§ **Requirement**
Retype the lines below exactly, but only those from the line that has "حنين فقفل رسول" through the line that has "Инфраструктура комплекса включает". Omit every picture.
Data under study below:
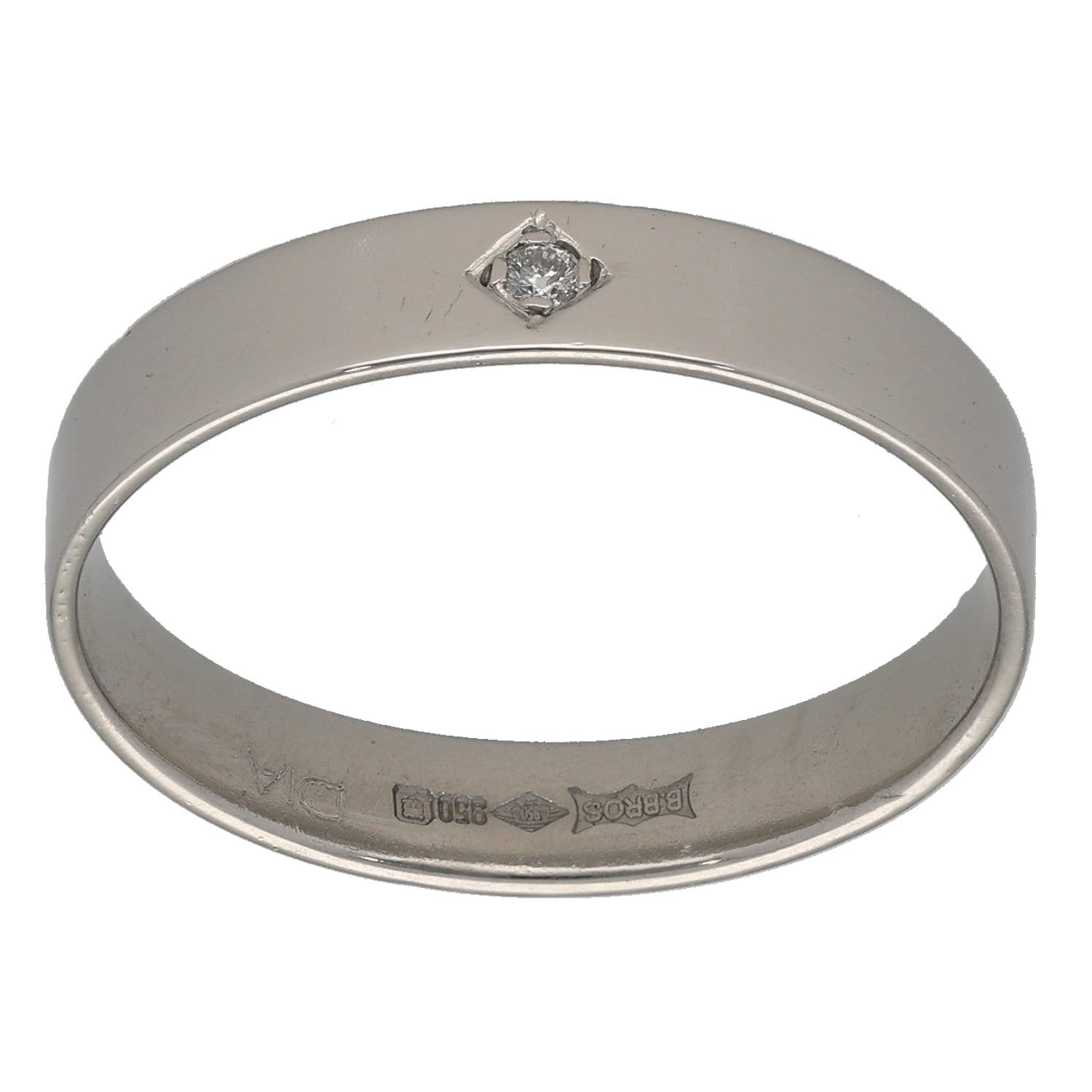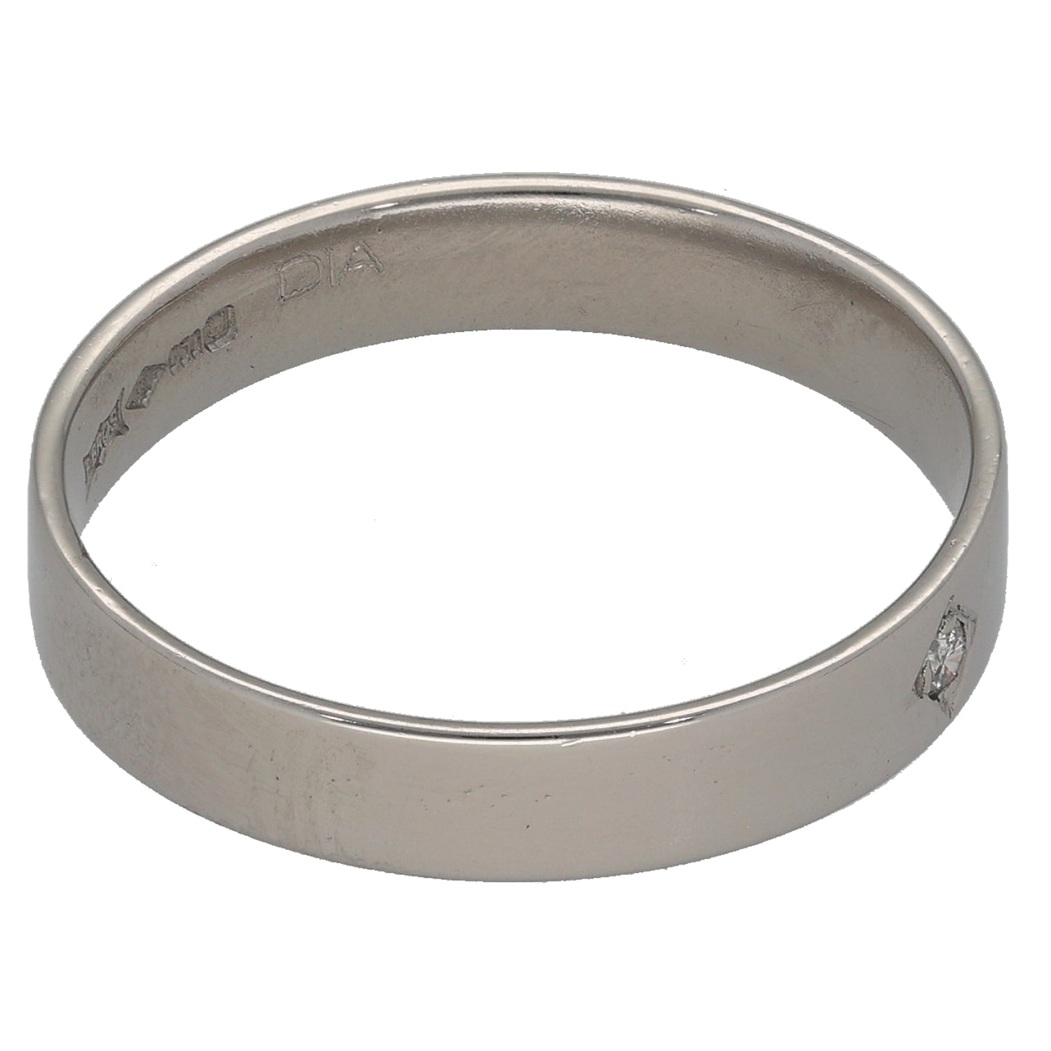 Platinum 0.02ct Diamond Plain Wedding Ring Size R
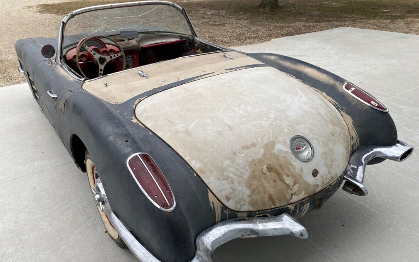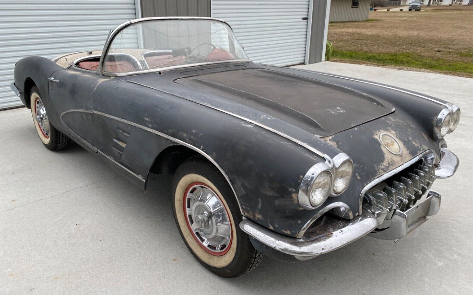 This one’s got a fun story behind it, as the seller tells us his Corvette had been napping for 30 years in a hay barn in Mississippi until recently and was originally a Louisiana car, to where it has now been returned. Black is also the factory color, even though a lot of the finish is either faded or in the case of the trunk, not that color at all, but the body is believed to have never been hit or damaged and is said to still have the bonding strips intact. I’m enjoying how the wide whitewalls make the outside appearance scream fifties, but being that the tires are likely decades old it’s time for a new set as soon as the new owner gets this one running.
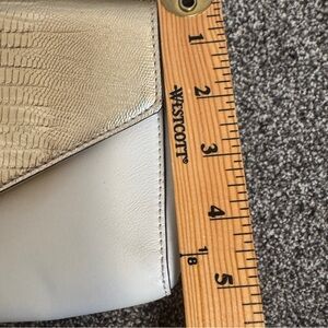 Kate Spade New York Cream Ivory Leather Clutch Gold Lizard Embossed Flap Bag
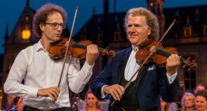 Amid the enchanting and fairy-tale-like atmosphere of Andre Rieu’s open-air concert in Maastricht, the most unforgettable moment didn’t come from the grandeur of the orchestra—but from an intimate, deeply emotional surprise. Andre Rieu, famously known as the “King of Waltz,” invited his son, Marc Rieu, to join him on stage for a special dedication to the woman who has quietly stood by his side through every triumph: his beloved wife, Marjorie Rieu.
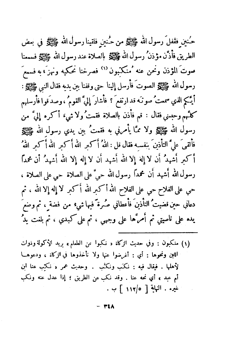 حنين فقفل رسول الله صلى الله عليه وسلم من حنين فلقينا رسول الله صلى الله عليه وسلم في بعض الطريق فأذن مؤذن رسول الله صلى الله عليه وسلم بالصلاة عند رسول الله صلى الله عليه وسلم فسمعنا صوت المؤذن ونحن عنه منكبون (1) فصرخنا نحكيه ونهزء به فسمع رسول الله صلى الله عليه وسلم الصوت فأرسل إلينا حتى وقفنا بين يديه فقال النبي صلى الله عليه وسلم: أيكم الذي سمعت صوته قد ارتفع؟ فأشار إلي القوم، وصدقوا فأرسلهم كلهم وحبسني فقال: قم فأذن بالصلاة فقمت ولا شيء أكره إلي من رسول الله صلى الله عليه وسلم ولا مما يأمرني به فقمت بين يدي رسول الله صلى الله عليه وسلم فألقى علي التأذين بنفسه فقال قل: الله أكبر الله أكبر الله أكبر الله أكبر أشهد أن لا إله إلا الله أشهد أن لا إله إلا الله أشهد أن محمدا رسول الله أشهد أن محمدا رسول الله حي على الصلاة حي على الصلاة، حي على الفلاح حي على الفلاح الله أكبر الله أكبر لا إله إلا الله، ثم دعاني حين قضيت التأذين فأعطاني صرة فيها شيء من فضة، ثم وضع يده على ناصيتي ثم أمرها على وجهي، ثم على كبدي، ثم بلغت يد
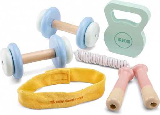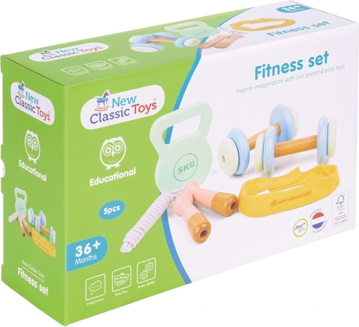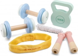 Upoznajte svijet vježbanja s veselom drvenom fitness setom za djecu od 3 godine! Ovaj set sadrži sve potrebno za zdravu igru i stvaranje navika: bučice, girju (kettlebell), uže za preskakanje i znojnik za glavu.
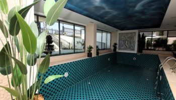 Инфраструктура комплекса включает в себя разнообразные удобства для активного и расслабляющего отдыха. Вы сможете воспользоваться открытым и закрытым бассейном, детским бассейном, зонами отдыха и барбекю, а также зоной отдыха с шезлонгами. Для поддержания физической формы предусмотрен фитнес-центр.
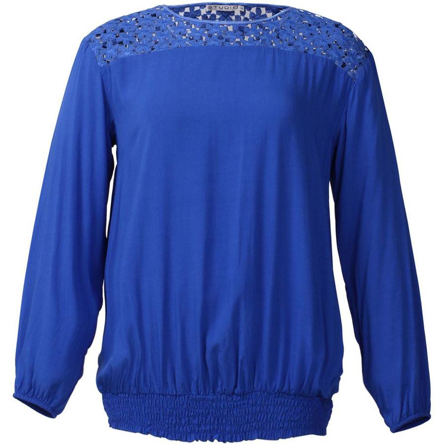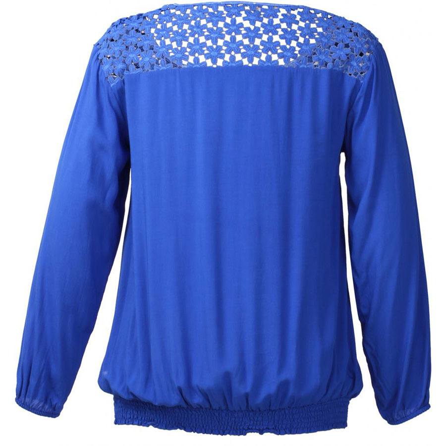 Smart koboltblå bluse med lange ærmer. Ærmerne afsluttes med en indsyet elastik. Denne super bløde bluse er med blonde henover skuldrene både foran og bagpå.
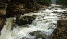 У Жонки каменистое неровное дно и быстрое течение. Все это в сумме создает частые пороги и водопады. Река берет свое начало довольно высоко - 1400 метров над уровнем моря, а её протяженность составляет 20 километров. Помимо этого в Жонке течет чистейшая родниковая вода, которая очень полезна для здоровья. Притом, она очень вкусна. Находим эту небольшую, но бурную речку и идем по хорошей дороге вдоль нее. От Жонки веет свежестью, поэтому тень от деревьев дает больше, чем просто прохладу. Обязательно захватите теплые куртки, иначе вместо воспоминаний об этой прогулке Вы будет помнить только борьбу с насморком и температуру. За одним из поворотов слышится гул падающей воды. Но водопад на реке Жонка нельзя назвать неким хаотичным и нестройным потоком. В его упорядоченности и заключается его привлекательность, ровно уложенные толстые бревна придают водопаду гармоничный вид. Ежегодно сюда приезжает множество туристов, чтобы полюбоваться горными ландшафтами и услышать невероятную музыку водопада. Кроме того, в долине реки Жонка можно посетить форелевое хозяйство, что оставит массу приятных и ярких впечатлений.
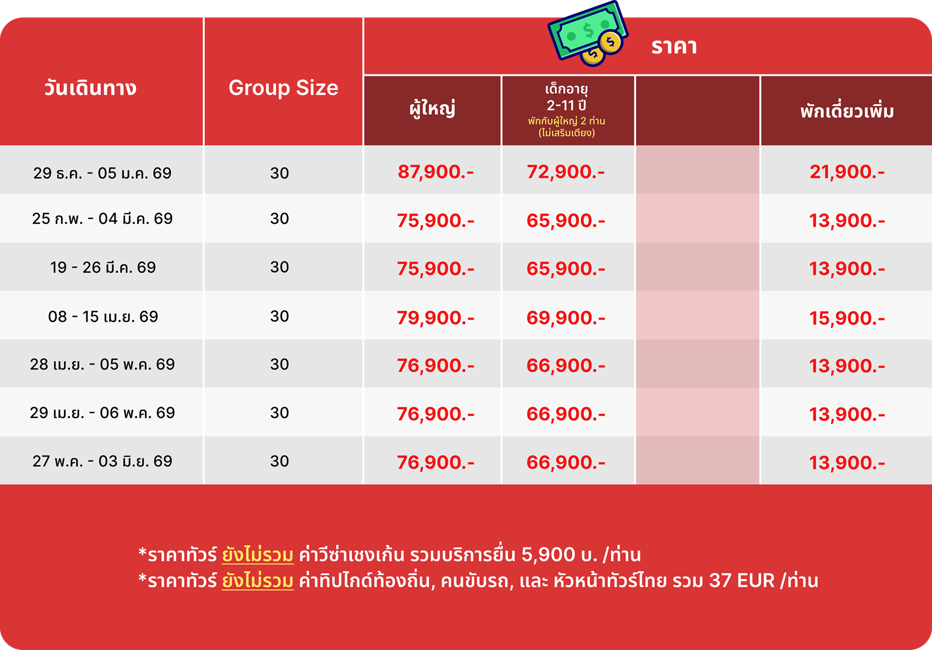วันที่ 8 | 05.50 น.เดินทางถึง สนามบินดูไบ (DXB) ประเทศสหรัฐอาหรับเอมิเรตส์ (UAE) *แวะเปลี่ยนเครื่อง ออกเดินทางโดยสายการบิน เอมิเรตส์ (Emirates)(EK) *EK 372 *มีบริการอาหารระหว่างเที่ยวบินฮะ ** สำหรับคณะที่ออกเดินทาง 29 ธ.ค.68 - 5 ม.ค.69 / 25 ก.พ. 4 มี.ค.69 / 19-26 มี.ค.69 ปรับเที่ยวบินเป็น เที่ยวบินที่ EK 370 เวลาบินออกจากสนามบินดูไบ 08.55 น. / 8-15 เม.ย.69 ปรับเที่ยวบินเป็น เที่ยวบินที่ EK 370 เวลาบินออกจากสนามบินดูไบเวลา 09.00 น. ** 19.15 น.เดินทางถึง สนามบินสุวรรณภูมิ** สำหรับคณะที่ออกเดินทาง 29 ธ.ค.68 - 5 ม.ค.69 / 25 ก.พ. 4 มี.ค.69 / 19-26 มี.ค.69 ปรับเที่ยวบินเป็น เที่ยวบินที่ EK 370 เวลาบินถึงสนามบินสุวรรณภูมิ 18.05 น. / 8-15 เม.ย.69 ปรับเที่ยวบินเป็น เที่ยวบินที่ EK 370 เวลาบินถึงสนามบินสุวรรณภูมิ 18.20 น. ฮะะ ** |
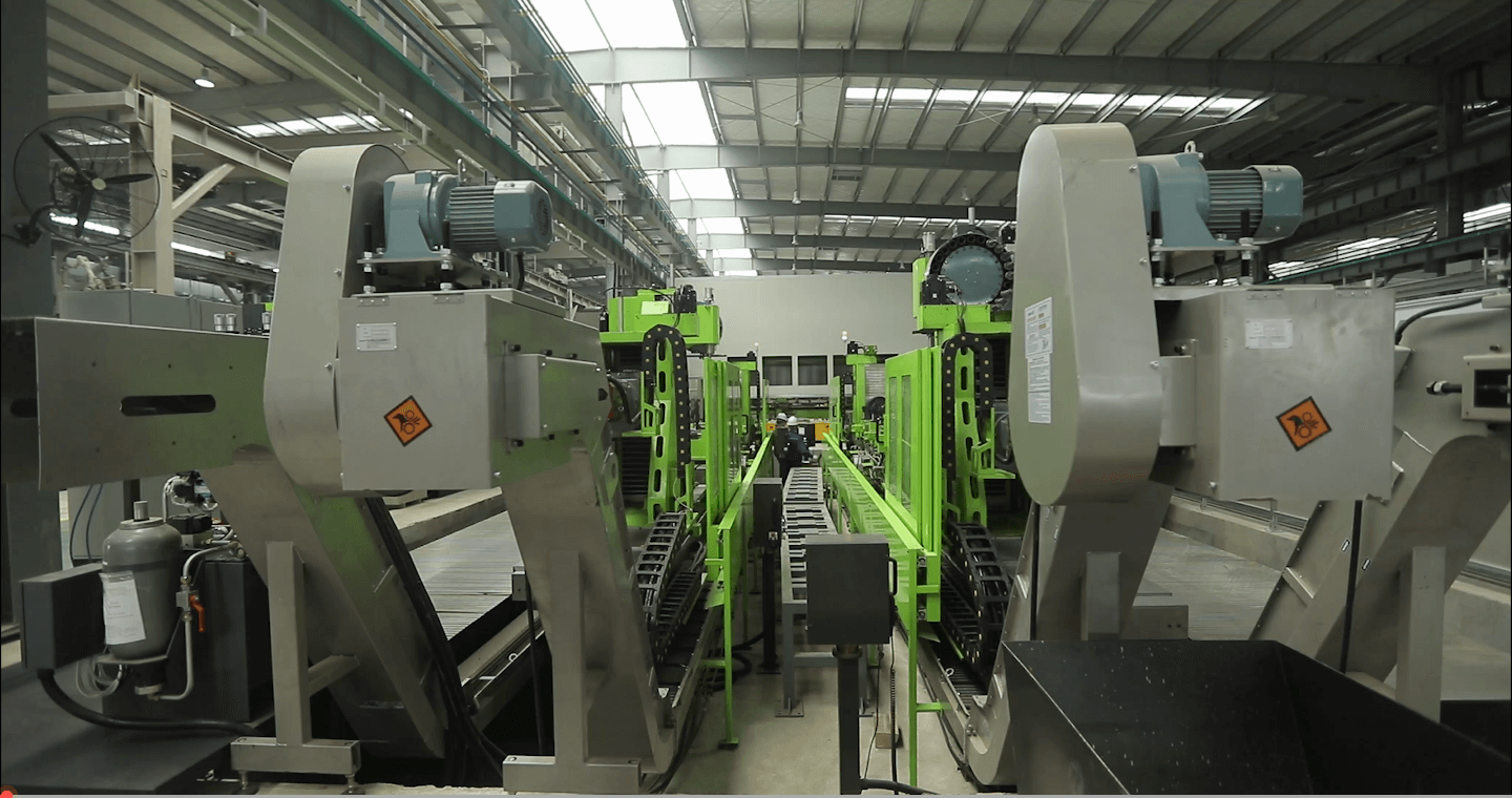 ? ? 遵循流線(xiàn)化、自動(dòng)化、智能化、柔性化、綠色化理念,智能工廠(chǎng)建有型材下料線(xiàn) 、ABM線(xiàn)、榫頭線(xiàn)、E線(xiàn)等12條自動(dòng)化生產(chǎn)線(xiàn)。
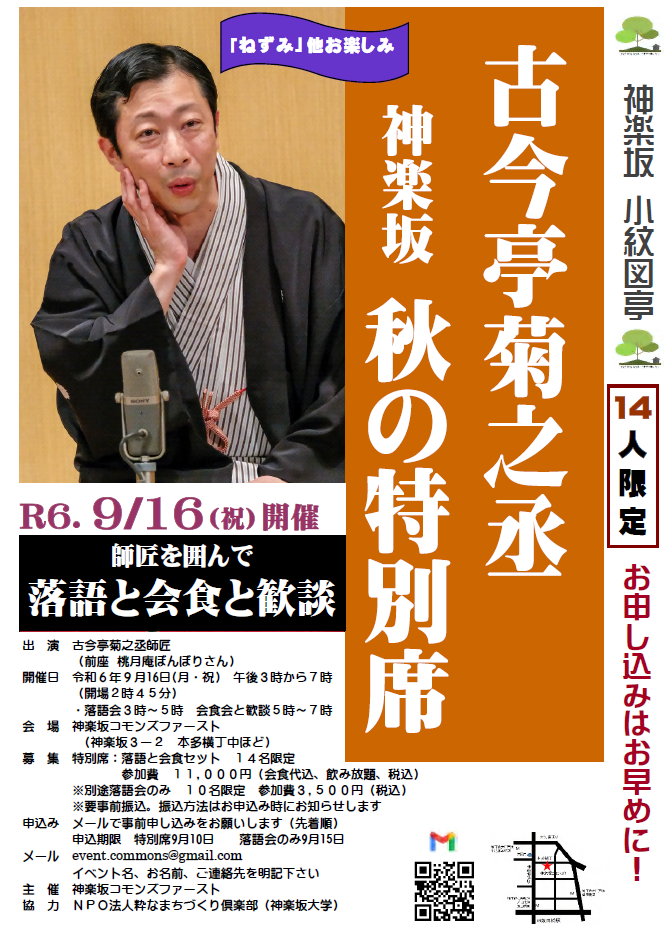 神楽坂小紋図亭 人数限定、「古今亭菊之丞 神楽坂 秋の特別席」
End of Data under study.
§ **Exercise response**
 حنين فقفل رسول الله صلى الله عليه وسلم من حنين فلقينا رسول الله صلى الله عليه وسلم في بعض الطريق فأذن مؤذن رسول الله صلى الله عليه وسلم بالصلاة عند رسول الله صلى الله عليه وسلم فسمعنا صوت المؤذن ونحن عنه منكبون (1) فصرخنا نحكيه ونهزء به فسمع رسول الله صلى الله عليه وسلم الصوت فأرسل إلينا حتى وقفنا بين يديه فقال النبي صلى الله عليه وسلم: أيكم الذي سمعت صوته قد ارتفع؟ فأشار إلي القوم، وصدقوا فأرسلهم كلهم وحبسني فقال: قم فأذن بالصلاة فقمت ولا شيء أكره إلي من رسول الله صلى الله عليه وسلم ولا مما يأمرني به فقمت بين يدي رسول الله صلى الله عليه وسلم فألقى علي التأذين بنفسه فقال قل: الله أكبر الله أكبر الله أكبر الله أكبر أشهد أن لا إله إلا الله أشهد أن لا إله إلا الله أشهد أن محمدا رسول الله أشهد أن محمدا رسول الله حي على الصلاة حي على الصلاة، حي على الفلاح حي على الفلاح الله أكبر الله أكبر لا إله إلا الله، ثم دعاني حين قضيت التأذين فأعطاني صرة فيها شيء من فضة، ثم وضع يده على ناصيتي ثم أمرها على وجهي، ثم على كبدي، ثم بلغت يد
 Upoznajte svijet vježbanja s veselom drvenom fitness setom za djecu od 3 godine! Ovaj set sadrži sve potrebno za zdravu igru i stvaranje navika: bučice, girju (kettlebell), uže za preskakanje i znojnik za glavu.
 Инфраструктура комплекса включает в себя разнообразные удобства для активного и расслабляющего отдыха. Вы сможете воспользоваться открытым и закрытым бассейном, детским бассейном, зонами отдыха и барбекю, а также зоной отдыха с шезлонгами. Для поддержания физической формы предусмотрен фитнес-центр.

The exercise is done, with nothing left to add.